Noise-to-signal ratio of single-trajectory spectral densities in centered Gaussian processes

TL;DR

This paper analyzes the statistical fluctuations of single-trajectory spectral densities in Gaussian processes, revealing that their variability often exceeds the mean, which challenges the reliability of average-based descriptions.

Contribution

It derives the full probability density function and bounds for the noise-to-signal ratio of spectral densities in Gaussian processes, highlighting the limitations of mean-based analysis.

Findings

Fluctuations of spectral densities often surpass their mean values.

The full probability distribution of spectral densities is obtained.

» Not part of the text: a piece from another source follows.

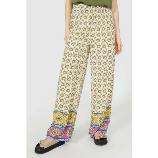 Patchwork Border Print Trouser from Mantaray. Opt for striking trouser styles this season and update your clothing wardrobe with these eye-catching women trouser. Boasting a striking all-over patchwork print with an elasticated waistband for optimal comfort and a high-waist trouser fit. Style with a casual daytime top and chunky sandals. Made from 100% Viscose. Wash at 40. Model wears a size 10.

Average spectral density may not accurately represent typical behavior.

Abstract

We discuss the statistical properties of a single-trajectory power spectral density $S(\omega,\mathcal{T})$ of an arbitrary real-valued centered Gaussian process $X(t)$, where $\omega$ is the angular frequency and $\mathcal{T}$ the observation time. We derive a double-sided inequality for its noise-to-signal ratio and obtain the full probability density function of $S(\omega,\mathcal{T})$. Our findings imply that the fluctuations of $S(\omega,\mathcal{T})$ exceed its average value $\mu(\omega,\mathcal{T})$. This implies that using $\mu(\omega,\mathcal{T})$ to describe the behavior of these processes can be problematic. We finally evaluate the typical behavior of $S(\omega,\mathcal{T})$ and find that it deviates markedly from the average $\mu(\omega,\mathcal{T})$ in most cases.